Читаем Once there was a war полностью

There is no place to gather. You go to bed right away. In the corridor the singing crew leans out of the window and the men shriek at girls as the train starts. Then they break into “Home On the Range,” but the noise of the train drowns them out. The beer was not strong enough to give them much of a lift. The blacked-out train roars through the night. The windows are shut and painted so that no light can shine out. The singing collapses and the crews retire to their staterooms.

At four-thirty in the morning the steward knocks on your door, sets a cup of tea on the little shelf over your bed, and leaves. You quickly drink the tea and shave in time to be out of the train at five. It is cold and rainy when you get out of the train. You don’t know where you are. You were never told. Army trucks are waiting to take you to the airfield. Deep puddles of rain water are standing all about the little station. You climb into a truck and in a short while you have come to a huge airfield. This is one of the fields of Air Transport Command, which moves men and goods all over the world. Fighter planes are dispersed about the field, dimly visible through the rain. The C-54s stand ready to go.

This is a large and comfortable station. There are club-rooms and a bar and a large restaurant. It is cold outside and inside the fireplaces are piled high with glowing coals. In the largest clubroom are many people waiting their time to go. There are men who have been here a week and some crews which just got in. A phonograph is playing something sung by Dinah Shore. The men sleep on the couches and wait for their time.

The control-desk officer says, “Come back at one-thirty and you will be told when you go.”

The nearest town is several miles away. The crews wander about for a while and then go back to the club-room to read comic books—Superman and the rest. They read them without amusement, but with great concentration.

The officer says, “You will probably go in eight hours,” and again the wandering. A ship is warming up. It is going home. The men on it will be in New York tomorrow. Even the ones who recently came over look longingly at these lucky ones. Just before they go they are cornered and messages given. “Call my wife and tell her that you saw me. Here is the telephone number.” There would be letters to carry, but that is forbidden.

The men going home actually write the numbers down. They look a little self-conscious to be going home, and very happy about it, too. They get into the big ship and the door closes. It is a four-motored ship and you have to climb high to get into it. The little crowd stands in the entrance and watches it go and then it has disappeared into the rain almost before it is off the ground. The field has suddenly become very lonely. The men go back to the coal fires and to old copies of magazines, Esquires and New Yorkers, months old, copies of Life from April and May.

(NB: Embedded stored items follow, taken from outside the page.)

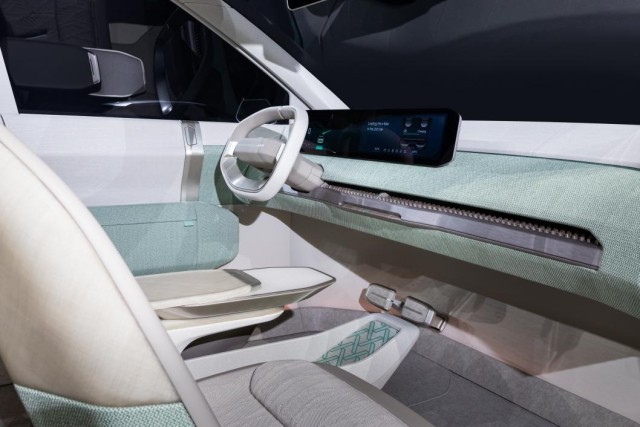 內(nèi)飾方面,起亞EV3概念車內(nèi)飾采用了簡(jiǎn)約的設(shè)計(jì)風(fēng)格,可以看到,該車內(nèi)飾并沒有配備多功能按鍵,雙輻式的方向盤搭配大尺寸連屏,以及懸浮式的座椅,更顯未來感。此外,在內(nèi)飾用料上,該車內(nèi)飾采用了大面積的織物包裹,座椅采用環(huán)保材料,座椅設(shè)計(jì)符合人體工程學(xué)原理。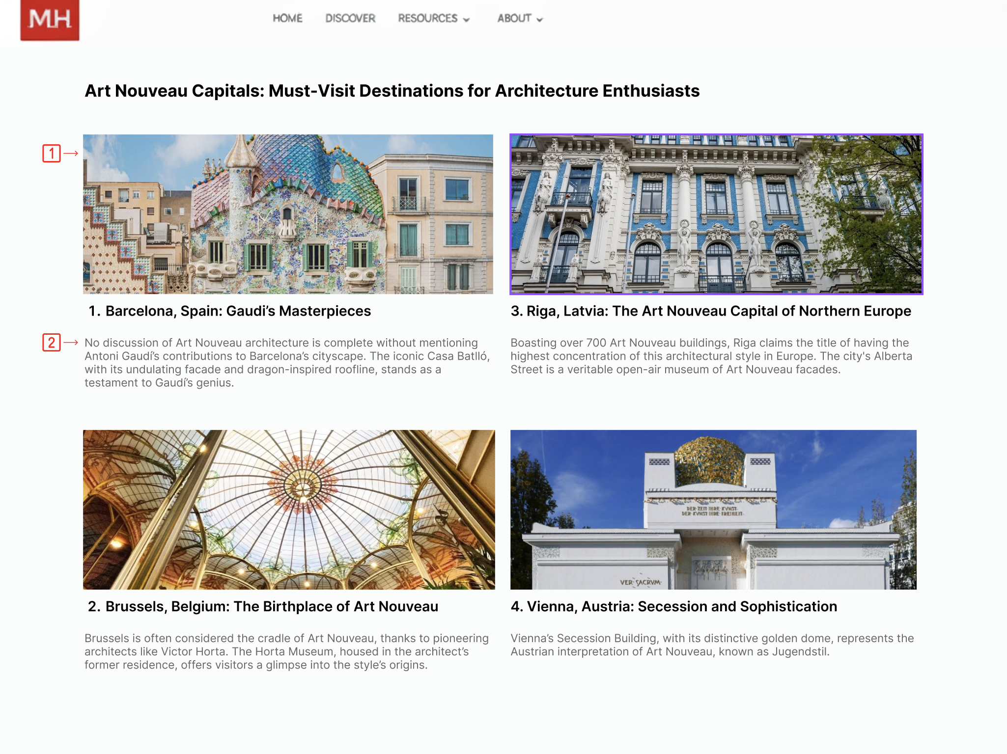 - Images are needed to help the users visualize the artistic concepts (Ex: Pictures representing Art Nouveau)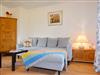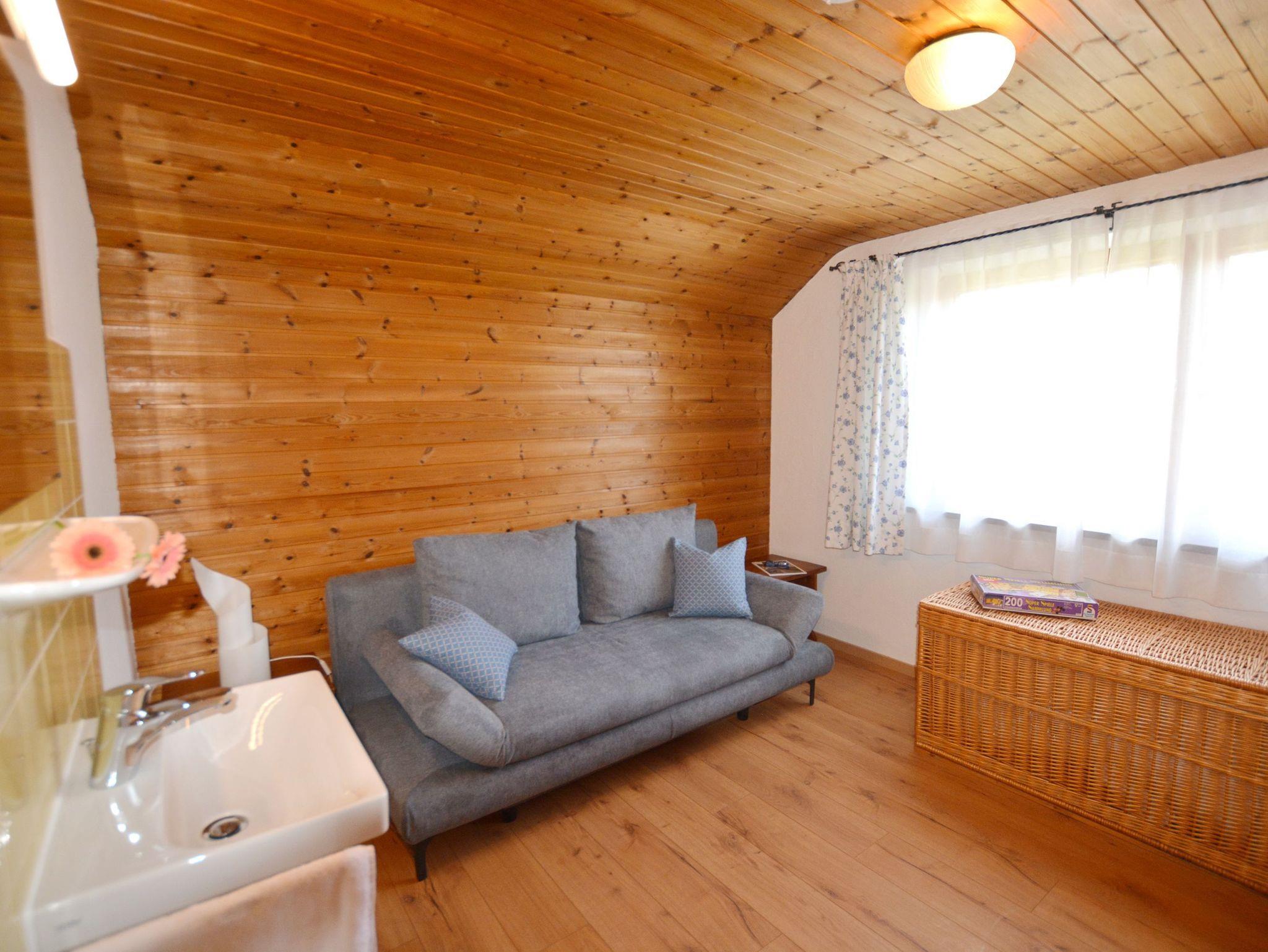 Auf dieser Etage finden Sie einen weiteren Schlafraum mit Doppelbett. Das kleinere Schlafzimmer ist mit einem Schlafsofa und Waschbecken ausgestattet und kann somit variabel als zusätzlicher Rückzugsraum oder als weiterer Schlafraum genutzt werden.

The officer says, “The plane will leave for Africa in fifteen minutes.” It would seem the plane would be crowded, but it isn’t. There are on board only one combat crew and two civilians. It is a C-54-A, which means that it has bucket seats and is more than half cargo plane. Now the crew are gathering together their bags and their parachutes, slinging on their pistols and knives and web equipment. They are being very nonchalant about the whole thing. Africa means nothing to them.

For a while we stand shivering in the rain while our names are called off. Then each one climbs the ladder and goes through the door. The windows of the plane are not blacked out, the way they are at home. They don’t mind if you see. The big door slams, and outside you can hear the motors begin to turn over.

ALGIERS

ALGIERS (Via London), August 28, 1943—Algiers is a fantastic city now. Always a place of strange mixtures, it has been brought to a nightmarish mess by the influx of British and American troops and their equipment. Now jeeps and staff cars nudge their way among camels and horse-drawn cars. The sunshine is blindingly white on the white city, and when there is no breeze from the sea the heat is intense.

The roads are lined with open wagons loaded high with fresh-picked grapes, with military convoys, with Arabs on horseback, with Canadians, Americans, Free French native troops in tall red hats. The uniforms are of all colors and all combinations of colors. Many of the French colonial troops have been issued American uniforms since they had none of their own. You never know when you approach American khaki that it will not clothe an Arab or a Senegalese.